___ Supplied information ___

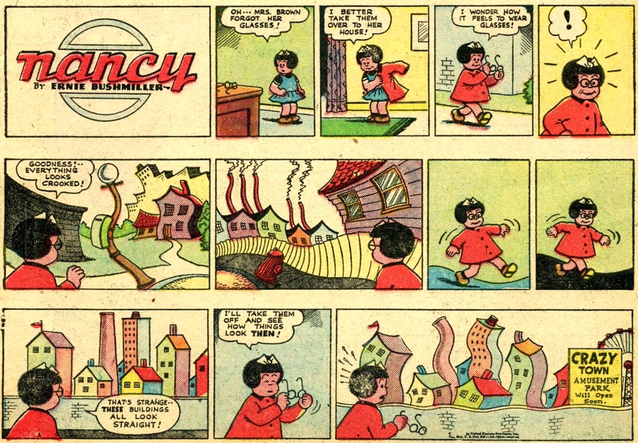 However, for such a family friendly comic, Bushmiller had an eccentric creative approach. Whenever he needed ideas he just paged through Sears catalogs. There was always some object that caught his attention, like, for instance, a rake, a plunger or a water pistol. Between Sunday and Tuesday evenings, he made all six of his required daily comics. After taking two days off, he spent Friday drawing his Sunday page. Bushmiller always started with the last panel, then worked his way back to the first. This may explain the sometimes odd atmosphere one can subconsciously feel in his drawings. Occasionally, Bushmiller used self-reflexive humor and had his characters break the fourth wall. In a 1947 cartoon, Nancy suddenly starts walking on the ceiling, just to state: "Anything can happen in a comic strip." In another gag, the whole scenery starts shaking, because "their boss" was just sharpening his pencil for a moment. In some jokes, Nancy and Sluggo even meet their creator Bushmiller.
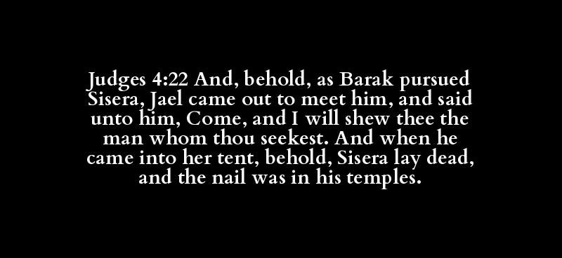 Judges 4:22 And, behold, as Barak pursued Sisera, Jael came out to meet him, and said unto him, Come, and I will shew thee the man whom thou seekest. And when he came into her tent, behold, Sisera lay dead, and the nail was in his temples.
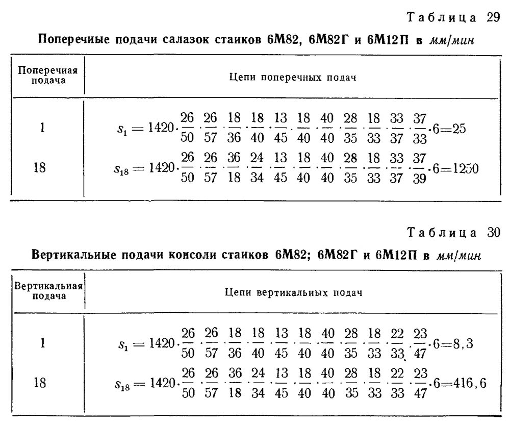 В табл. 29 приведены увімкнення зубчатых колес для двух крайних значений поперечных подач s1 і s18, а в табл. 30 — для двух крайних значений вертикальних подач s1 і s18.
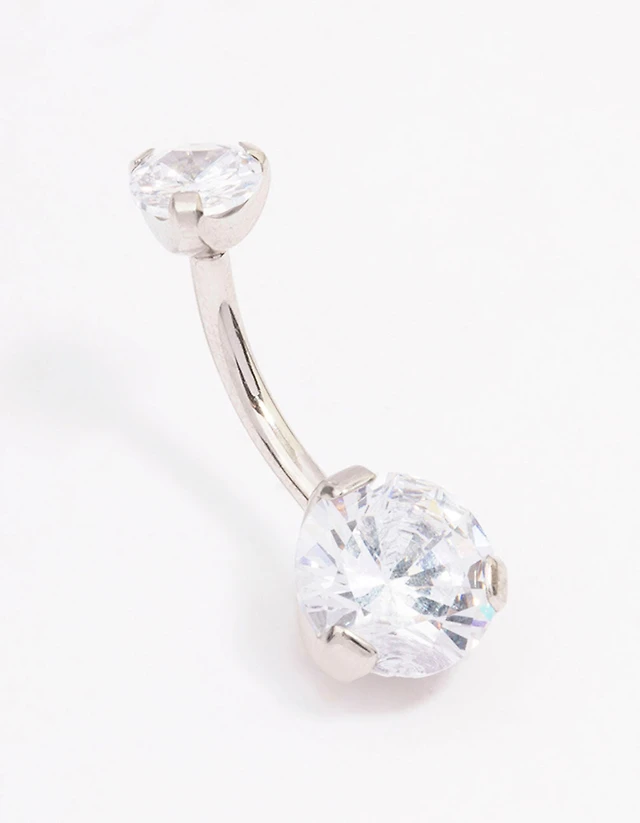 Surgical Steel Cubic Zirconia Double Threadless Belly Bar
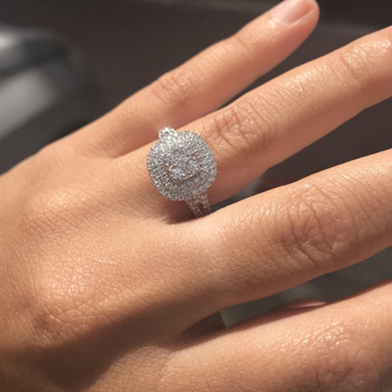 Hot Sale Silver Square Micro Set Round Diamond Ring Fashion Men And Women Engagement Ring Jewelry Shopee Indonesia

___
___ Supplied information ___

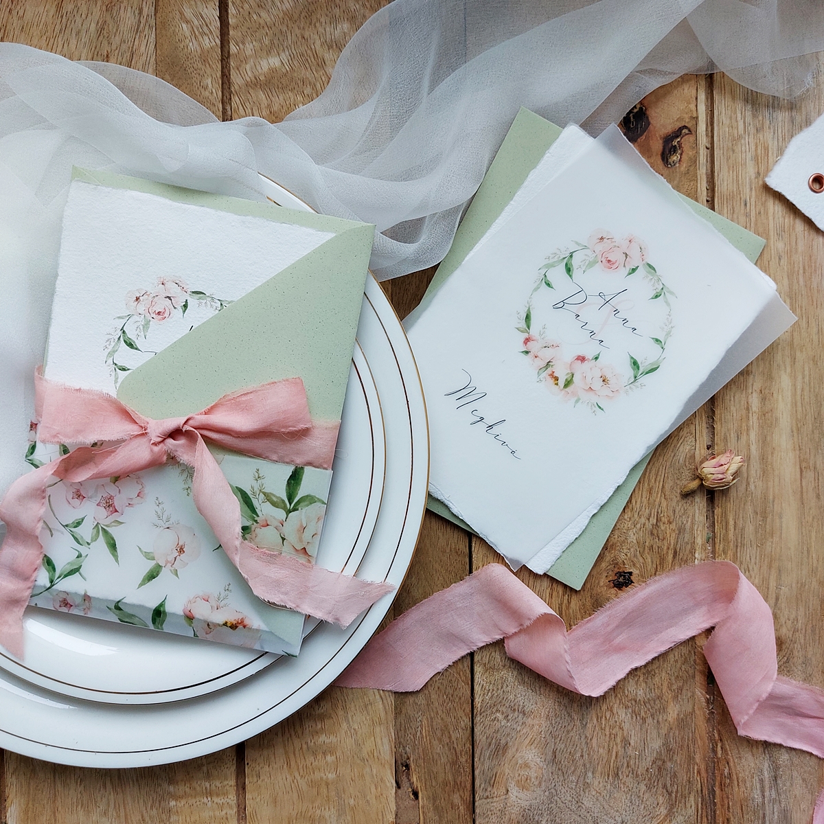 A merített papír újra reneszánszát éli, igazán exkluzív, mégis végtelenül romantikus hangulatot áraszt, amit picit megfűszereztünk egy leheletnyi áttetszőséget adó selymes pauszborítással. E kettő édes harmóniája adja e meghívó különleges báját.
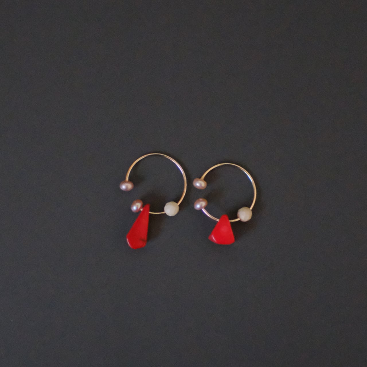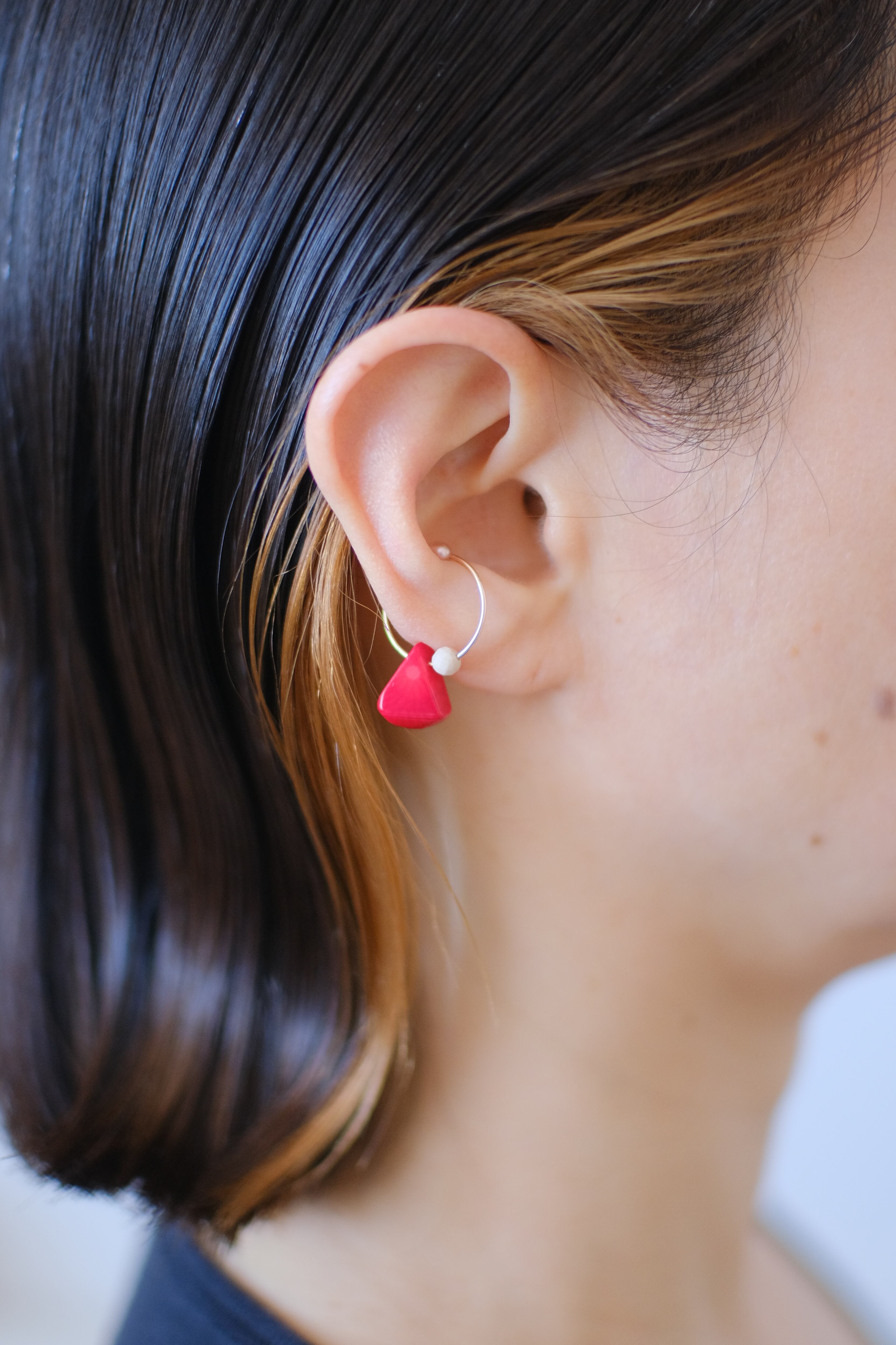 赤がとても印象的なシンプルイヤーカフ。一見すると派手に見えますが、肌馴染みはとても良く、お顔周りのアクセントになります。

___
___ Supplied information ___

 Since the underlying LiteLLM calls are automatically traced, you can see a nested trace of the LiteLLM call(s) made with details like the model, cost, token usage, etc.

___

Exercise: Which part of the entries opens with the line containing "Judges 4:22 And, behold, as" and closes with the line containing "Hot Sale Silver"? Output that part exactly, ends included, pictures excluded.

Solution for this task:
 Judges 4:22 And, behold, as Barak pursued Sisera, Jael came out to meet him, and said unto him, Come, and I will shew thee the man whom thou seekest. And when he came into her tent, behold, Sisera lay dead, and the nail was in his temples.
 В табл. 29 приведены увімкнення зубчатых колес для двух крайних значений поперечных подач s1 і s18, а в табл. 30 — для двух крайних значений вертикальних подач s1 і s18.
 Surgical Steel Cubic Zirconia Double Threadless Belly Bar
 Hot Sale Silver Square Micro Set Round Diamond Ring Fashion Men And Women Engagement Ring Jewelry Shopee Indonesia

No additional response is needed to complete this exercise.